If someone thought that only the urban woman understood the need for ‘his time’, that is not true. If in some cases, the working male (or female) in the urban milieu, eating non-veg food or sipping wine or hard liquor was/is a sin, it was never the case in most rural settings. The issue there was one of quantity and also quality -- and the man’s ability to carry his glass in a small group or a larger crowd.

There is an unwritten rule. The man should not get drunk, nor should he get into drunken brawls with friends, relatives or others, bringing a bad name to the family, especially for the children in their circles or schools. As a responsible father, most men in the state, especially those in rural areas, do not want to come down in the esteem of their dear children.

It’s akin to the kind of reservations that the second-generation bank and LIC employees in urban centres, in ‘enlightened states’ like Tamil Nadu, have for participating in union rallies and protests -- especially being seen on TV news by their children and their classmates and team-mates. It is the kind of thinking that the urban elite may not be able to acknowledge, understand and appreciate -- but the political class, including the political administrators, seem to have understood, as much as they understood the economic needs and educational aspirations of their people.
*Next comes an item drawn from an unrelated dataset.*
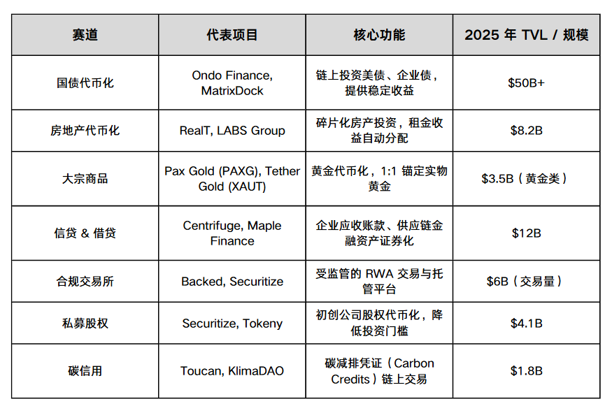 三、RWA 的主要赛道与代表项目

Yet, it still hurt the purists and anti-Covid frontline workers and other NGOs when the EPS government exempted Tasmac shops from limited lockdowns, both during Phase I and now Phase II. So much so, one reason for the early easing and latter-day lifting of complete lockdown during Phase I was said to be the government’s need to boost the falling revenues. Some government leaders also did not shy away from accepting it.

Today, during the second phase too, the government began by exempting Tasmac outlets from partial lockdown. It caused eyebrows to be raised, with apprehensions that someone may embarrass the leadership by moving the courts. So, when over the weekend the government expanded the lockdown, it could not but include Tasmac shops. But only after the outlets had registered near-record high sales, on Saturday, the last day of being open.

N Sathiya Moorthy, Distinguished Fellow and Head-Chennai Initiative, Observer Research Foundation.